Le village de Val-Clair était célèbre pour son Grand Chœur. Ce chœur était l’orgueil du village : il comptait cent voix, toutes justes et puissantes, et leur harmonie était parfaite.

Chaque semaine, à la répétition, le Maître Émile, un homme au cœur doux mais à l’oreille infaillible, faisait l’appel. Quatre-vingt-dix-neuf choristes répondaient toujours, prêts à chanter. Mais il y avait Léo.
Léo était le centième. Il avait la voix la plus douce, celle qui apportait la nuance et l’écho parfait aux autres. Mais depuis des semaines, Léo était absent.
L’Argument de la Logique
À chaque répétition, les 99 voix chantaient. Et elles chantaient bien.

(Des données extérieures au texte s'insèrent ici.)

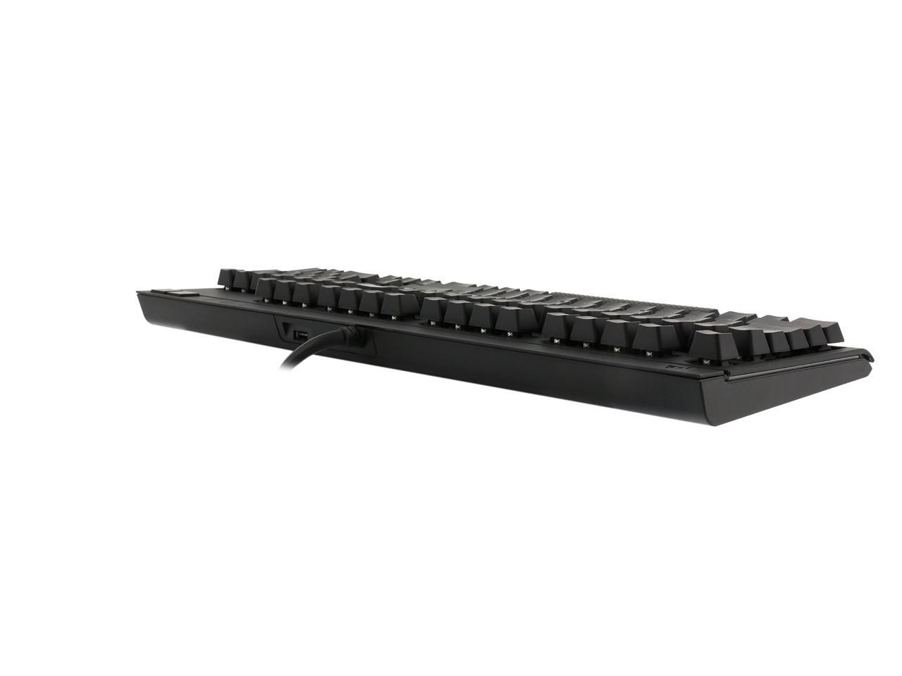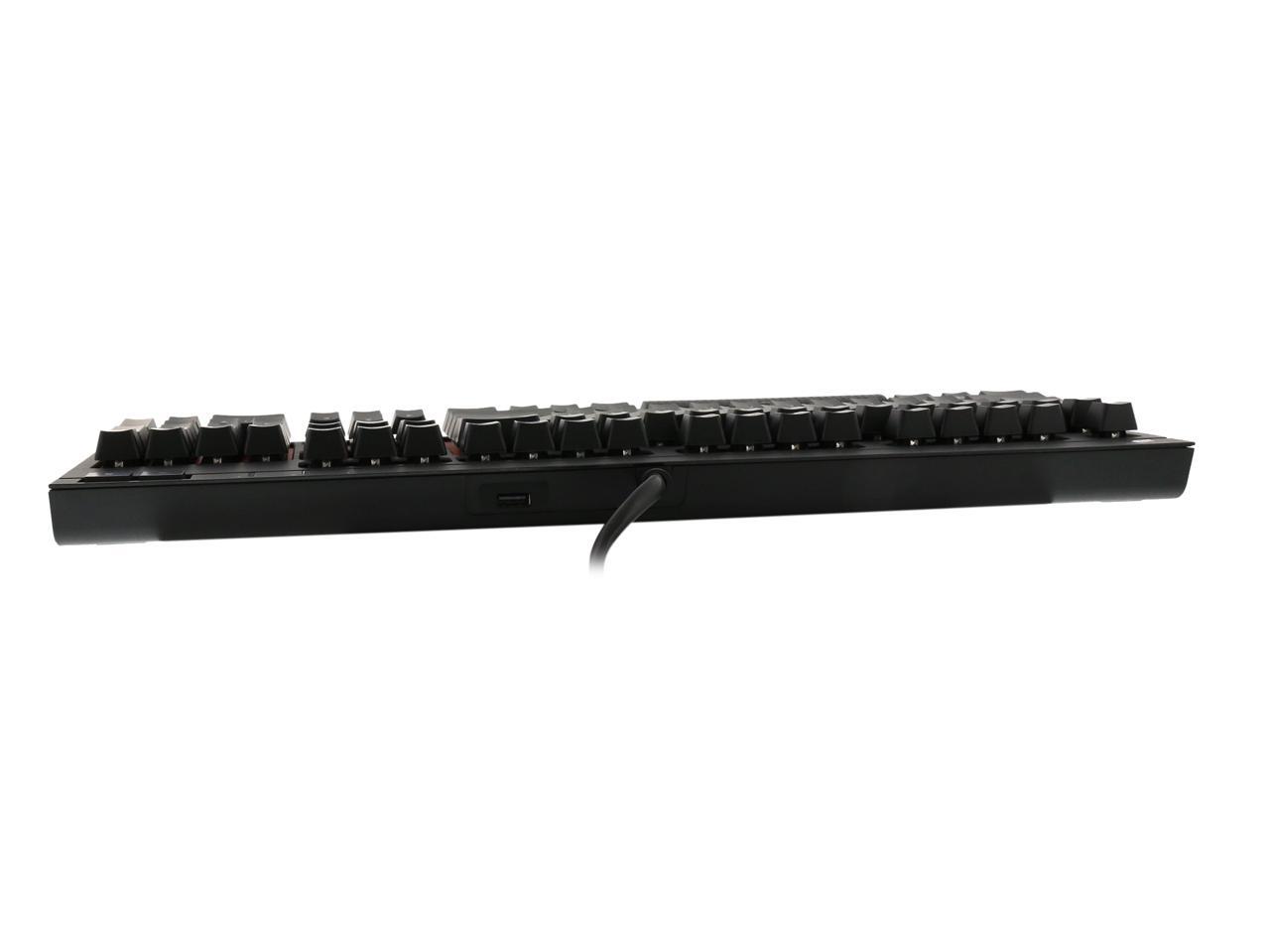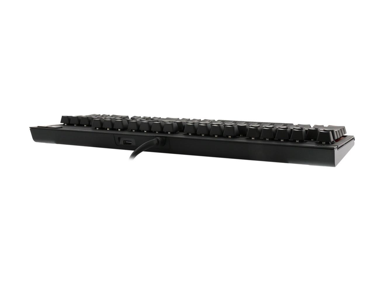 Fully unleash your gaming prowess with the Strafe MX mechanical keyboard from Corsair. It's built with Cherry MX Red key switches that deliver fast and precise response you need to win. A switch life rating of 50 million keypresses ensures consistent, responsive performance over the lifetime. Anti-ghosting and 104-key rollover means every input will be recognized. Brilliant backlight with unlimited lighting programmability offers you ability to create a combat gear that's uniquely yours. Plus, this keyboard comes with an array of multimedia keys, and a USB pass-through port for handy connection with USB gadgets, such as mouse or USB thumb drive. Battle with the Corsair Strafe MX, and embrace the victory one after another.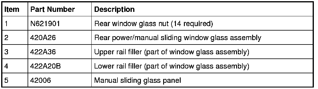 Glass, Frames and Mechanisms - Exploded View, Rear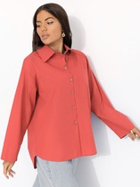 Блузка женская свободного силуэта из атласной ткани. Вырез горловины оформлен воротником пиджачного типа с застежкой на петли с пуговицами. Рукава- отрезные на базе цельнокроеных с отрезными манжетами с разрезами. В боковых швах выполнены разрезы. Передняя половинка декорирована настрочным декоративным элементом.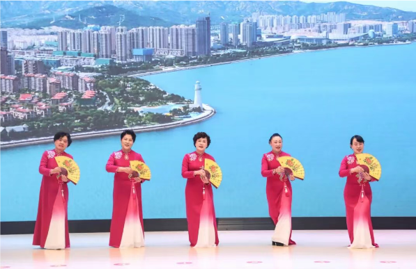 展演在热烈的气氛中拉开帷幕,节目单犹如一幅徐徐展开的社区生活风情画。从银杏社区舞蹈队深情演绎的《我的祖国》,到田东社区田和精武团队虎虎生风的八段锦《战鼓》;从西河北社区“无忧女神队”展现自信风采的旗袍走秀,到古寨社区夕阳红模特队温暖演绎岁月同行的《搀扶》……30余个形式多样、情感真挚的节目接连上演。这些节目全部来源于街道各社区孵化的文艺自组织,演员们既是舞台上的明星,也是社区里热心的邻居、志愿者和“主理人”。特别值得一提的是,柴峰社区和乐芳华国画队将现场作画与男女对唱《荷包情缘》创新结合,笔墨丹青与悠扬歌声交织,生动诠释了社区文化“活起来”的无限创意。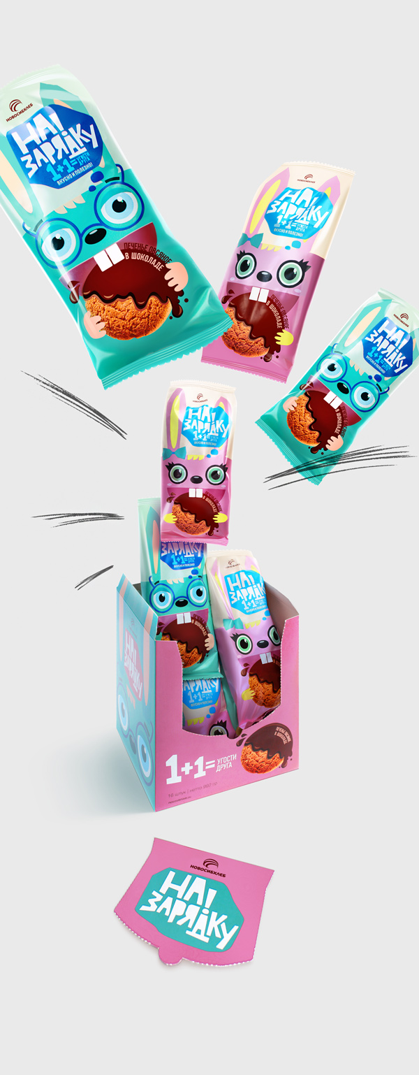 Креаторами были разработаны забавные персонажи - зайцы, употребляющие продукт, а также оригинальная графема. Особое внимание уделялось работе с текстами на упаковке с целью сделать её максимально информативной и побуждающей к покупке. Образы зайцев также были использованы в оформлении большой фасовочной упаковки для печенья.
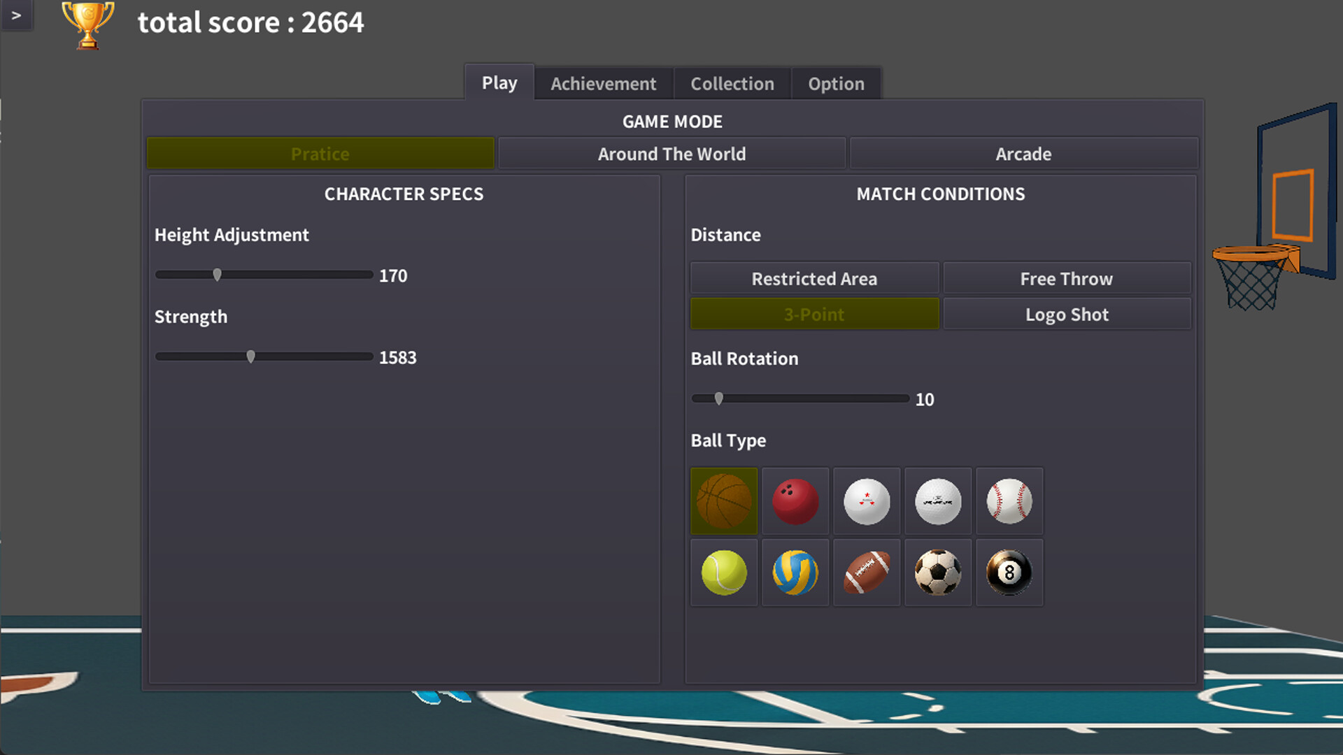 Master the art of the perfect shot in this physics-based arcade game. Use your mouse to control the angle and power of your arm, ensuring a "swish" from the free-throw line or all the way from the logo.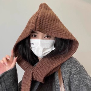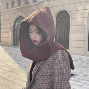 冬季帽子围巾一体两件套纯色保暖两用针织帽斗篷百搭时尚连帽披肩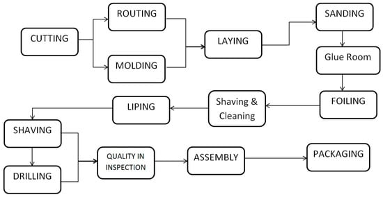 The organization under study is engaged in the production of a wide range of modular furniture, including kitchen and bedroom units. Plywood is the primary raw material used in the manufacturing process. The plywood sheets are initially cut into various sizes and sent for routing, which is performed using four CNC machines at Space Wood. After routing, the panels move to the sanding and cleaning section, where they are treated with sandpaper and cleaned to prepare for further processing. Next, the panels are transferred to the gluing section, where adhesive is applied in preparation for foil application using a specialized foiling machine. Once this step is completed, quality control checks are carried out to ensure that the panels meet the required standards. The final stage involves the assembly of the panels to produce the finished furniture products.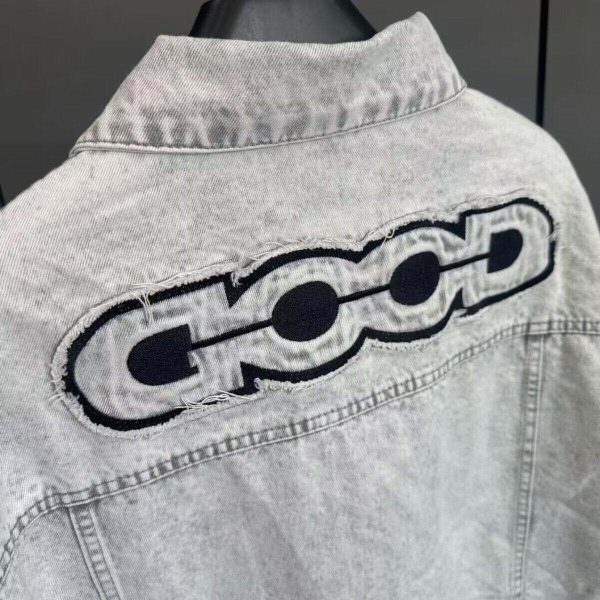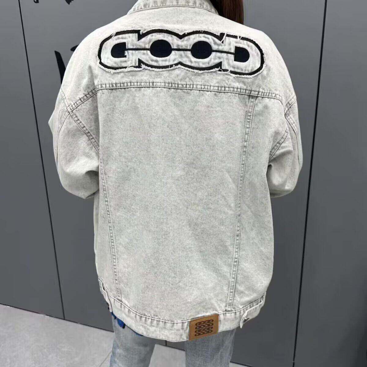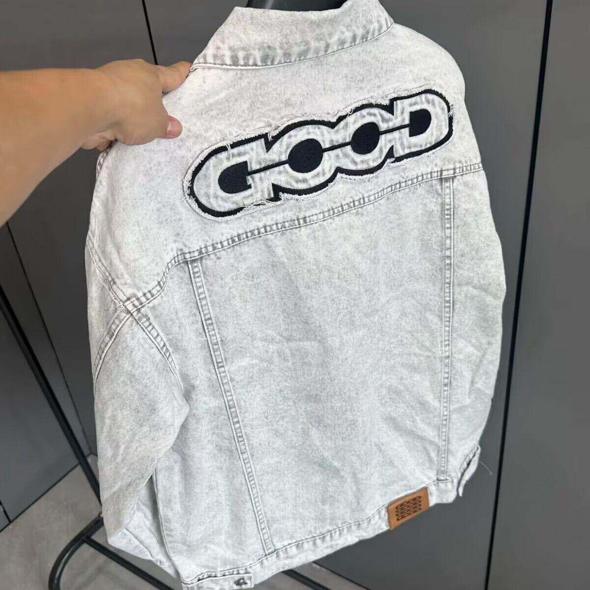 秋冬网红同款GOO字母刺绣水洗牛仔夹克男女翻领上衣高品质外套ins

Un jour, Madame Béatrice, la cheffe des sopranos, se plaignit doucement au Maître Émile : — Maître, pourquoi perdons-nous du temps à parler de Léo ? Regardez : nous sommes 99 ! Notre son est presque parfait. Nous avons l’important, n’est-ce pas ? Pourquoi mettre en danger notre prochain concert pour un seul, qui ne se donne même pas la peine de venir ?
Monsieur Armand, le meilleur baryton, renchérit : — Léo est un cas difficile. Il est trop sensible. Continuons avec les 99 fidèles, Maître. La majorité doit avancer.
Les 99 voix formaient une logique solide : le succès du groupe justifie l’oubli du détail manquant.
Le Choix de l’Harmonie
Le Maître Émile prit sa fourche de diapason, la fit vibrer, puis la posa doucement sur la table.
— Mes amis, dit-il, notre chœur est parfait en volume, oui. Il est excellent en technique. Mais écoutez bien ceci : même si 99 notes sont justes, si la centième, celle de Léo, manque, l’harmonie est rompue.
Il fit chanter un accord aux 99. C’était beau, puissant, mais il y manquait quelque chose, une résonance subtile.
— Léo, reprit le Maître, n’est pas qu’un numéro de plus. Il est la couleur unique qui donne sa profondeur à l’ensemble. Sans lui, nous sommes forts, mais nous ne sommes pas complets. Et si nous acceptons de chanter sans nous soucier de sa voix perdue, nous acceptons que n’importe laquelle de vos voix puisse devenir, demain, oubliable.
La Quête du Silence
Le Maître Émile annonça : — Demain, il n’y aura pas de répétition. Nous allons chercher Léo. Nous allons laisser l’acoustique parfaite de cette salle, et nous irons écouter le silence qui a remplacé sa voix.
Les choristes, d’abord réticents, finirent par accepter. Le Maître organisa une petite équipe et, grâce aux indices laissés par le silence de Léo, ils finirent par le trouver, non pas dans les montagnes, mais dans la petite bibliothèque municipale, assis seul, la tête dans les mains.
Léo n’était pas fâché ; il était terrassé par le doute. Il avait peur d’échouer, sa confiance l’avait abandonné.
Le Retour de la Note
Quand le Maître Émile et ses choristes le virent, ils ne le grondèrent pas pour son absence. Ils firent simplement ce qu’ils faisaient le mieux : ils chantèrent.
Ils chantèrent un accord simple, mais en laissant la place de Léo vide. Puis, le Maître se tourna vers Léo et lui tendit la main, sans rien dire. Il y avait dans ce geste tout le sens du message : « Nous n’avons pas pu être parfaits sans toi. Nous avions besoin de ta note. »
Ému, Léo se leva, joignit sa voix tremblante à l’harmonie, et la note manquante vint compléter l’accord.
Pour la première fois, ce jour-là, l’harmonie fut totale. Et le Maître Émile sourit, car il savait que la joie de la voix retrouvée était plus grande que toutes les répétitions parfaites. La valeur du « Un » avait donné son sens au « Quatre-vingt-dix-neuf ».